- DATA EXCERPT -
'''
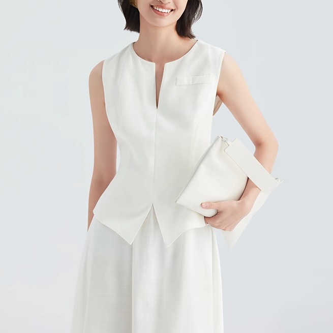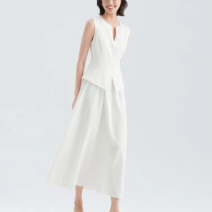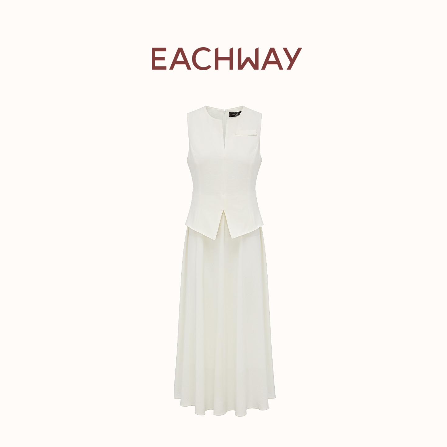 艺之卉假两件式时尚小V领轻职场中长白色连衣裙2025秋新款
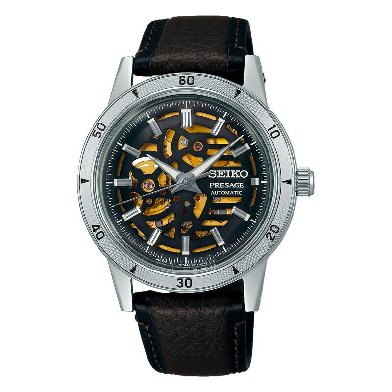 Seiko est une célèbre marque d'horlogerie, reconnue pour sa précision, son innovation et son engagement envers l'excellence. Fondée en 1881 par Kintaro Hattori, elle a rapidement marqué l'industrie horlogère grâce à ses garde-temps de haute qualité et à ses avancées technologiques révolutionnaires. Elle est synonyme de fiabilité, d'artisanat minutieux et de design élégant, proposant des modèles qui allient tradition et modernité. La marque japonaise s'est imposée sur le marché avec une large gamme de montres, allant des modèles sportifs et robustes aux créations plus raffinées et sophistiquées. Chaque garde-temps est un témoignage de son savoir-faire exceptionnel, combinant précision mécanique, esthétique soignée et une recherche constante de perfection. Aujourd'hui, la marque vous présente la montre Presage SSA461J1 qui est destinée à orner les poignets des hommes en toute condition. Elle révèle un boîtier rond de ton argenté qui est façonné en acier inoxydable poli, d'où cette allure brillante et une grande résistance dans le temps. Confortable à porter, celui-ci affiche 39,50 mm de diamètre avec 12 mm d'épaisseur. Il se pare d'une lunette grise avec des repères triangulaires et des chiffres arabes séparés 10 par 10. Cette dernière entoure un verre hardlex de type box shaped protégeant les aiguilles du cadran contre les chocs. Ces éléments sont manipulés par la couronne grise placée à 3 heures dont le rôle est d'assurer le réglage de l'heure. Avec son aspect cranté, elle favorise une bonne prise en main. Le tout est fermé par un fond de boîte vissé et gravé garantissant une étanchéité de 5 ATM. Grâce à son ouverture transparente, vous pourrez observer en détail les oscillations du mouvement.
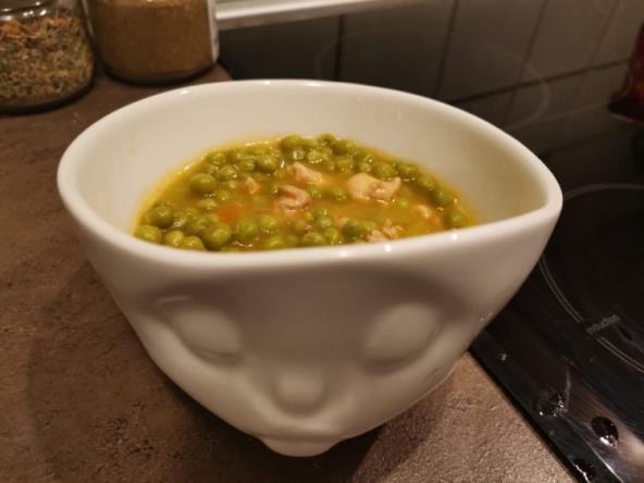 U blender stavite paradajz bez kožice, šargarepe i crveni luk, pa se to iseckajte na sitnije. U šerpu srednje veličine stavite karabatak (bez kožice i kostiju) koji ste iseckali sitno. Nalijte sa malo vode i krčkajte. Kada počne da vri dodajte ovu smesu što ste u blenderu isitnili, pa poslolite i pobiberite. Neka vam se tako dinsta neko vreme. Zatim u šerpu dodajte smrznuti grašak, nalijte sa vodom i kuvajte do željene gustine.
'''
- TASK -
Send back every line above exactly, skipping all pictures.

- RESULT OF THE TASK -
 艺之卉假两件式时尚小V领轻职场中长白色连衣裙2025秋新款
 Seiko est une célèbre marque d'horlogerie, reconnue pour sa précision, son innovation et son engagement envers l'excellence. Fondée en 1881 par Kintaro Hattori, elle a rapidement marqué l'industrie horlogère grâce à ses garde-temps de haute qualité et à ses avancées technologiques révolutionnaires. Elle est synonyme de fiabilité, d'artisanat minutieux et de design élégant, proposant des modèles qui allient tradition et modernité. La marque japonaise s'est imposée sur le marché avec une large gamme de montres, allant des modèles sportifs et robustes aux créations plus raffinées et sophistiquées. Chaque garde-temps est un témoignage de son savoir-faire exceptionnel, combinant précision mécanique, esthétique soignée et une recherche constante de perfection. Aujourd'hui, la marque vous présente la montre Presage SSA461J1 qui est destinée à orner les poignets des hommes en toute condition. Elle révèle un boîtier rond de ton argenté qui est façonné en acier inoxydable poli, d'où cette allure brillante et une grande résistance dans le temps. Confortable à porter, celui-ci affiche 39,50 mm de diamètre avec 12 mm d'épaisseur. Il se pare d'une lunette grise avec des repères triangulaires et des chiffres arabes séparés 10 par 10. Cette dernière entoure un verre hardlex de type box shaped protégeant les aiguilles du cadran contre les chocs. Ces éléments sont manipulés par la couronne grise placée à 3 heures dont le rôle est d'assurer le réglage de l'heure. Avec son aspect cranté, elle favorise une bonne prise en main. Le tout est fermé par un fond de boîte vissé et gravé garantissant une étanchéité de 5 ATM. Grâce à son ouverture transparente, vous pourrez observer en détail les oscillations du mouvement.
 U blender stavite paradajz bez kožice, šargarepe i crveni luk, pa se to iseckajte na sitnije. U šerpu srednje veličine stavite karabatak (bez kožice i kostiju) koji ste iseckali sitno. Nalijte sa malo vode i krčkajte. Kada počne da vri dodajte ovu smesu što ste u blenderu isitnili, pa poslolite i pobiberite. Neka vam se tako dinsta neko vreme. Zatim u šerpu dodajte smrznuti grašak, nalijte sa vodom i kuvajte do željene gustine.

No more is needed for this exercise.